**HOW TO COMPLETE THIS TASK**.
Each entry that follows is to be retyped exactly. Pictures do not belong in the copy.

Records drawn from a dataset
====================
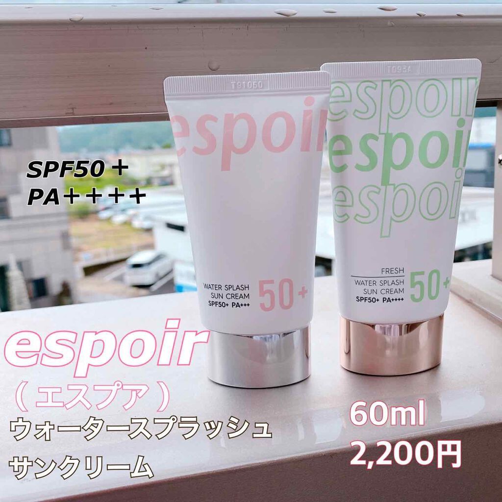 こんにちは!あーたんです!今回紹介するのはespoirのウォータースプラッシュサンクリームピンクです!ほんのりピンク色で肌に血色感をあたえてくれます👍伸びも良くて瑞々しく感じます!ただ、カバー力はないので下地としてはつかえないですね🥲香りも日...
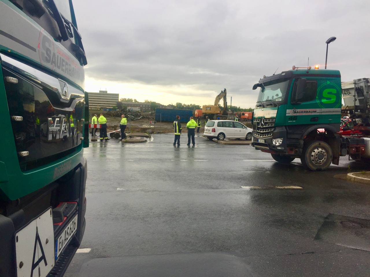 16:56 Uhr: Auf dem Baustellen-Gelände für den neuen Stadtteil Essen 51 wurde eine 10-Zentner-Bombe entdeckt. Sie liegt an der Ecke Pferdebahnstraße / Berhold-Beitz-Boulevard und muss heute noch entschäft werden.
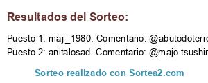 Lista de participantes: Sorteo realizado entre 104 comentarios.
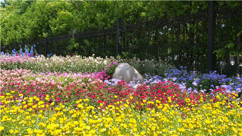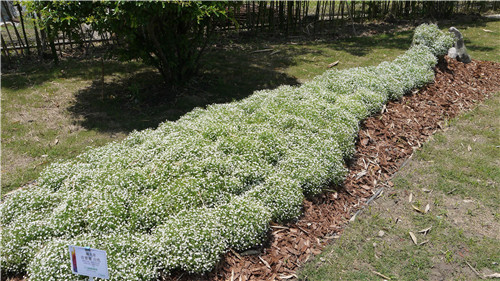 進入坂田種苗(蘇州)有限公司的大門,便可見右側大花壇運用花境設計方式種植了許多花卉品種,主要有紫羅蘭“四重奏”系列、藿香薊“藍色視野”、黃金菊“閃亮”、冰島虞美人“仙境”、銀蓮花“和諧”、大花飛燕草“燭光”系列、石竹“鉆石”系列、風鈴草“超級冠軍”系列和“冠軍”系列。
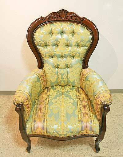 イタリア・ヴェローナ近郊の有名な高級チェア専門メーカーから直輸入した素敵なハイバックチェアです。 男性がお掛けになっても頭の後ろを支えてくれるほど高い背もたれにはが特徴。 その背もたれには伝統的デザインの彫刻が施され、クラシカルで高級感ある雰囲気。 長く細いネコ脚は大変エレガントなシルエットで、良質の素材を用いた熟練職人の技術の高さを物語ります。 高級感ある色調の張り地はインテリアのなかでもインパクトがあり、お部屋の主役になってくれることでしょう。 座り心地はイタリアクラシック家具ならではの固めの仕上がりで、長時間お掛けいただいていても疲れません。 伝統的なチェア専門メーカーならではのしっかりした作りで、末永く愛用していただける一品です。 サイズ:幅73cm 奥行き66cm 高さ108cm(座面41cm) 家財宅急便送料3割引 [沖縄県・北海道・九州・離島地域] は『送料無料』や送料割引キャンペーンの対象外です、別途送料がかかります。 こちらは開梱から設置、梱包材持ち帰りの完全サービスです。お客様の手を煩わせることなく、家具の納品が可能です。 ★輸入品のため、小さなスレ・小傷・若干の枠のズレなどがございます。 ご了承のうえ、お買い求めください。 ★商品写真はサンプル商品を撮影したものです★ 柄の出方や色合いなど、仕上がり具合に若干の個体差がございますので掲載写真は 「全体的な商品イメージ」 としてお考え下さい。 インターネット上の写真では、実物の色や質感までを完全に表現することができません。 「写真のイメージと違う」という理由でのクレームはご遠慮下さい。【送料について】注文前でもお見積いたしますのでお問い合わせ下さい [沖縄県・北海道・九州・離島地域] は『送料無料』や送料割引キャンペーンの対象外です、別途送料がかかります ★複数品のご注文、当店送料表適用外の送料(直送・別送、大型品、設置付などの特別配送)など、ショッピングカートで自動計算できない送料は受注後にお知らせいたします。
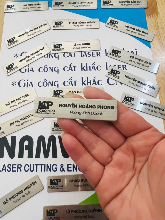 CẮT – KHẮC LASER THẺ TÊN NHÂN VIÊN INOX THEO YÊU CẦU
====================
**ANSWER BOX**.
 こんにちは!あーたんです!今回紹介するのはespoirのウォータースプラッシュサンクリームピンクです!ほんのりピンク色で肌に血色感をあたえてくれます👍伸びも良くて瑞々しく感じます!ただ、カバー力はないので下地としてはつかえないですね🥲香りも日...
 16:56 Uhr: Auf dem Baustellen-Gelände für den neuen Stadtteil Essen 51 wurde eine 10-Zentner-Bombe entdeckt. Sie liegt an der Ecke Pferdebahnstraße / Berhold-Beitz-Boulevard und muss heute noch entschäft werden.
 Lista de participantes: Sorteo realizado entre 104 comentarios.
 進入坂田種苗(蘇州)有限公司的大門,便可見右側大花壇運用花境設計方式種植了許多花卉品種,主要有紫羅蘭“四重奏”系列、藿香薊“藍色視野”、黃金菊“閃亮”、冰島虞美人“仙境”、銀蓮花“和諧”、大花飛燕草“燭光”系列、石竹“鉆石”系列、風鈴草“超級冠軍”系列和“冠軍”系列。
 イタリア・ヴェローナ近郊の有名な高級チェア専門メーカーから直輸入した素敵なハイバックチェアです。 男性がお掛けになっても頭の後ろを支えてくれるほど高い背もたれにはが特徴。 その背もたれには伝統的デザインの彫刻が施され、クラシカルで高級感ある雰囲気。 長く細いネコ脚は大変エレガントなシルエットで、良質の素材を用いた熟練職人の技術の高さを物語ります。 高級感ある色調の張り地はインテリアのなかでもインパクトがあり、お部屋の主役になってくれることでしょう。 座り心地はイタリアクラシック家具ならではの固めの仕上がりで、長時間お掛けいただいていても疲れません。 伝統的なチェア専門メーカーならではのしっかりした作りで、末永く愛用していただける一品です。 サイズ:幅73cm 奥行き66cm 高さ108cm(座面41cm) 家財宅急便送料3割引 [沖縄県・北海道・九州・離島地域] は『送料無料』や送料割引キャンペーンの対象外です、別途送料がかかります。 こちらは開梱から設置、梱包材持ち帰りの完全サービスです。お客様の手を煩わせることなく、家具の納品が可能です。 ★輸入品のため、小さなスレ・小傷・若干の枠のズレなどがございます。 ご了承のうえ、お買い求めください。 ★商品写真はサンプル商品を撮影したものです★ 柄の出方や色合いなど、仕上がり具合に若干の個体差がございますので掲載写真は 「全体的な商品イメージ」 としてお考え下さい。 インターネット上の写真では、実物の色や質感までを完全に表現することができません。 「写真のイメージと違う」という理由でのクレームはご遠慮下さい。【送料について】注文前でもお見積いたしますのでお問い合わせ下さい [沖縄県・北海道・九州・離島地域] は『送料無料』や送料割引キャンペーンの対象外です、別途送料がかかります ★複数品のご注文、当店送料表適用外の送料(直送・別送、大型品、設置付などの特別配送)など、ショッピングカートで自動計算できない送料は受注後にお知らせいたします。
 CẮT – KHẮC LASER THẺ TÊN NHÂN VIÊN INOX THEO YÊU CẦU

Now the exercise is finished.